The Rada-trained star's agent said: "He was fine at lunchtime on Wednesday but he had died by Thursday morning."

Hutchings, who also appeared in EastEnders as the father of Jane and Christian Clarke, was due to return to his role as Mel Harvey in the ITV comedy's new series shortly.

The Olivier Award winner's new sitcom Grandma's House is due to air on BBC Two this summer.

In a statement, Tiger Aspect Productions said: "We are all incredibly sad to hear of Geoffrey's passing. He has been a major part of Tiger Aspect's comedy in recent years, and his unique talents will be hugely missed by everyone who knew and worked with him.

"Our thoughts are with his family at this sad time."

The Dorchester-born actor's other TV credits include Bad Girls, Foyle's War and Midsomer Murders.

*RIP Geoff *

----------


## Perdita

Louie Spence has said that he did a good job with his cameo for the upcoming Benidorm Christmas special.

However, the Pineapple Dance Studios star also admitted to Heat that he may have been eclipsed on the ITV1 show by the performance of Cilla Black.

Spence said: "I've just come back from the Costa del Sol, where I was filming the Christmas special of Benidorm.

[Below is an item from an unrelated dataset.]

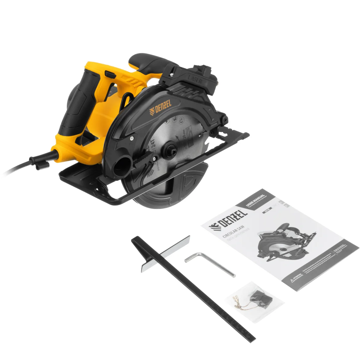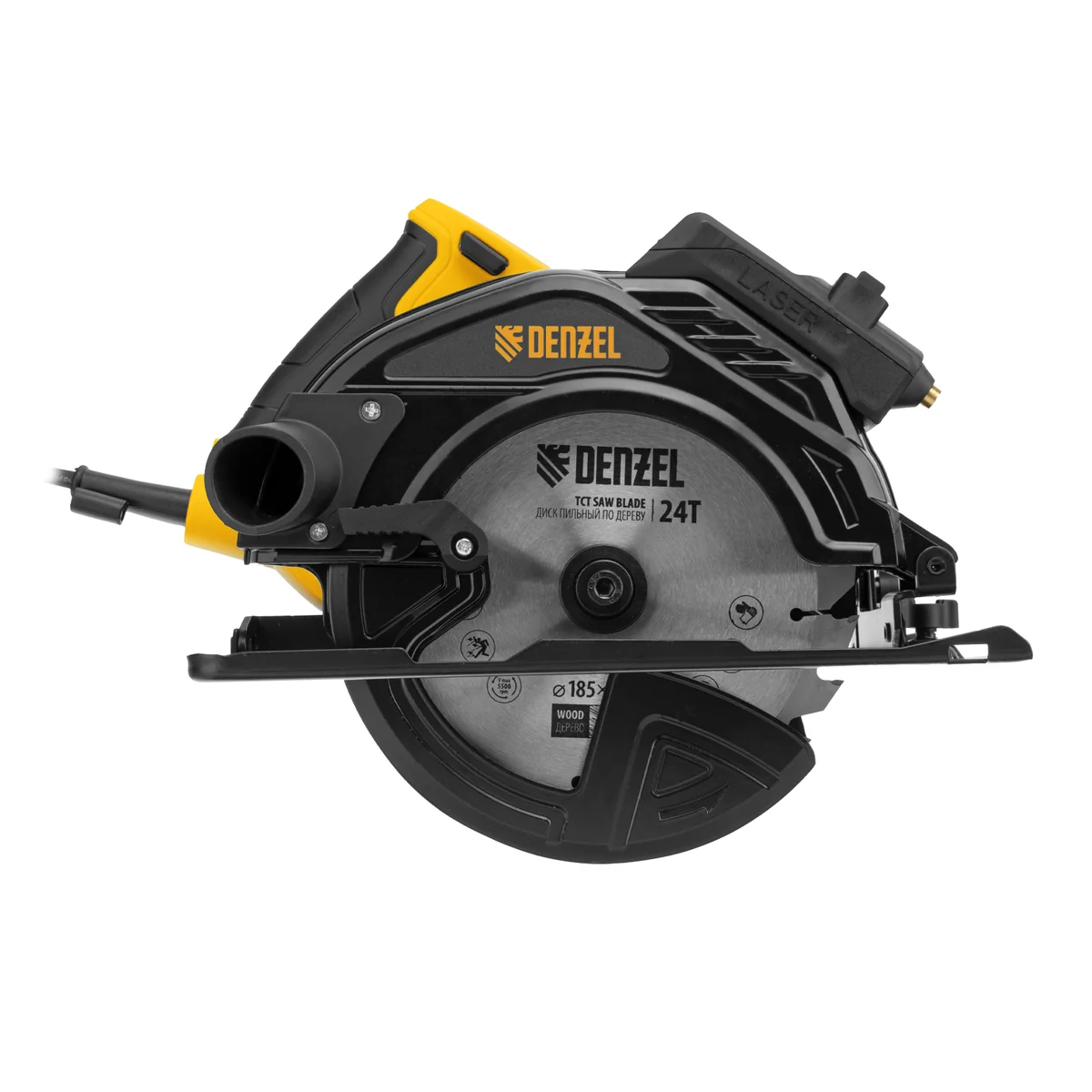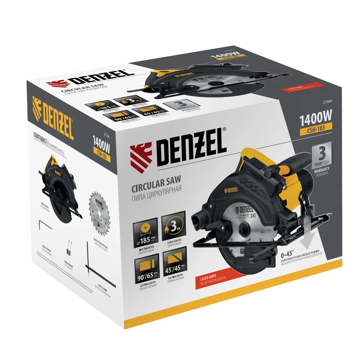 Циркулярная пила Denzel CSH-185 27304 мощностью 1400 Вт используется с дисками диаметром 185 мм и предназначена для распила древесных материалов: досок, фанеры, ДСП, ДВП. Глубина пропила под углом 90° составляет 65 мм. Диск вращается со скоростью 5500 об/мин, что обеспечивает высокую производительность. Инструмент пригодится в мастерской, на даче и строительной площадке.ПреимуществаФункциональность — пила способна выполнять не только прямой распил, но и распил под углом 45°.Надежная конструкция — подошва выполнена из прочной стали.Безопасность пользователя — блокировка пуска предотвращает случайное включение пилы.Блокировка шпинделя — замена диска безопасна и не занимает много времени.Точная работа — лазерный указатель линии пропила позволяет производить ровный рез без предварительной разметки.Чистота на рабочем месте — конструкцией предусмотрена возможность подключения пылесоса для эффективного удаления опилок.Комфортная эксплуатация — кнопка пуска фиксируется в нажатом положении, что снижает нагрузку на руки.Небольшой вес 4,7 кг — инструмент удобно удерживать в руках, длительная работа не вызывает усталости.Гарантия 3 года — высокое качество циркулярной пилы подтверждено производителем.

Now, I don't like to blow my own trumpet, but I will.

"I thought I did a bloody good job in my starring cameo role, until, surprise surprise! Who should turn up and slap me right between the thighs?"

He added: "'Higha chuck, it's our Cilla here!'. I have to say she was truly amazing, and as an actress she keeps it real.

"We had a lovely Champagne supper one evening, and chatted about this and that, including the lives of celebrities. She has some stories to tell, does our Cilla! Don't you just love her? I do!"

----------


## alan45

This Christmas, ITV1 viewers will get a burst of Spanish sunshine in their homes with a one off festive Benidorm special. 


Award-winning creator and writer, Derren Litten will once again bring alive the Brits abroad with many of your favourite holidaymakers returning for the usual holiday mishaps……and a few surprises along the way! 


We finally get to meet all the members of the Middlesbrough Swingers Association – one of them is played by Louie Spence! 


Su Pollard appears as herself with star billing in the Benidorm Palace Christmas show – all doesn’t go to plan though when she comes face to face with Madge! 


Brian Murphy will also guest stars as a love interest for Noreen 


The hugely popular comedy series also returns for a 4th series in early 2011.

----------

no1abbafan (24-11-2010)

----------


## no1abbafan

Best news I heard in ages - Love Benidorm - makes me laugh out loud

----------


## Perdita

Denise Welch has joined the cast of 'Benidorm'. 

The 'Loose Women' panellist - who is currently competing alongside professional skating star Matt Evers on 'Dancing On Ice' - will join her real-life husband Tim Healy on the upcoming fourth series of the ITV1 show.

With Tim currently playing Geordie transvestite Leslie in the comedy-drama - which is set in a Spanish holiday resort - Denise will assume the role of tattooed, short-skirted crime queen Scary Mary.

However, her arrival could spell trouble for an unsuspecting Leslie.

Tim explained: "Scary Mary - who is a black belt in martial arts - ends up drop-kicking Leslie into the pool."

Denise could be getting some of her 'Dancing On Ice' moves from her husband's 'Benidorm' alter-ego, as the 52-year-old star recently admitted she is inspired by drag queens.

She said: "I love drag queens. I'm inspired by them! I've never felt so energised. Attitude magazine said the gayometer explodes when I'm around. My dad was a drag queen.

"Everyone else grew up in McDonalds and I grew up in gay bars. I was that child. My dad was a sh*t drag act. He was a Welch so he used to go out as Raquel. He was shameless!"

(C) BANG Media International

----------


## Chris_2k11

I watched this for the first time last night on ITV2 and was in fits, I can't believe i've never seen it before!

----------


## Perdita

The cast of Benidorm have praised their series four guests stars Bananarama.

Tony Maudsley, Adam Gillen and Shelley Longworth, who have all joined the Derren Litten comedy for the latest run, said that they had "great fun" with the '80s girlband, who cameo in the second half of the series.

"Bananarama were great fun! I loved them. They were fantastic," Gillen told DS. "They were brilliant girls - really glamorous and really, really funny. I didn't know what to expect, but they weren't prissy or self-conscious at all."

Longworth commented: "We did a scene together in Neptunes and we went out for a meal together. They were great together those girls."

Maudsley added: "One of the highlights for me was Bananarama. Working with the girls in episode five was just brilliantly exciting. I grew up with the girls in the '80s and know them well and I can promise you that they didn't disappoint."

Ex-Blind Date presenter Cilla Black makes a cameo appearance in tonight's Benidorm, which airs at 9pm on ITV1.

DS

----------


## Chloe O'brien

I watched it tonight. I had to watch it on the cable channel as Scotland was showing a football programme about Scotland 1974 world cup team.  Anyway what a laugh loved Cilla's small role and Janice saying it's Cillia Black "Surprise Surprise" pity their wasn't an "Our Graham" joke. Funniest part was when Janice headbuted scary Mary then yelled "That f**king hurt" classic brits on holiday.

----------


## Katy

it was briliant! i just love janice, and Mick just looks like my old headteacher!

----------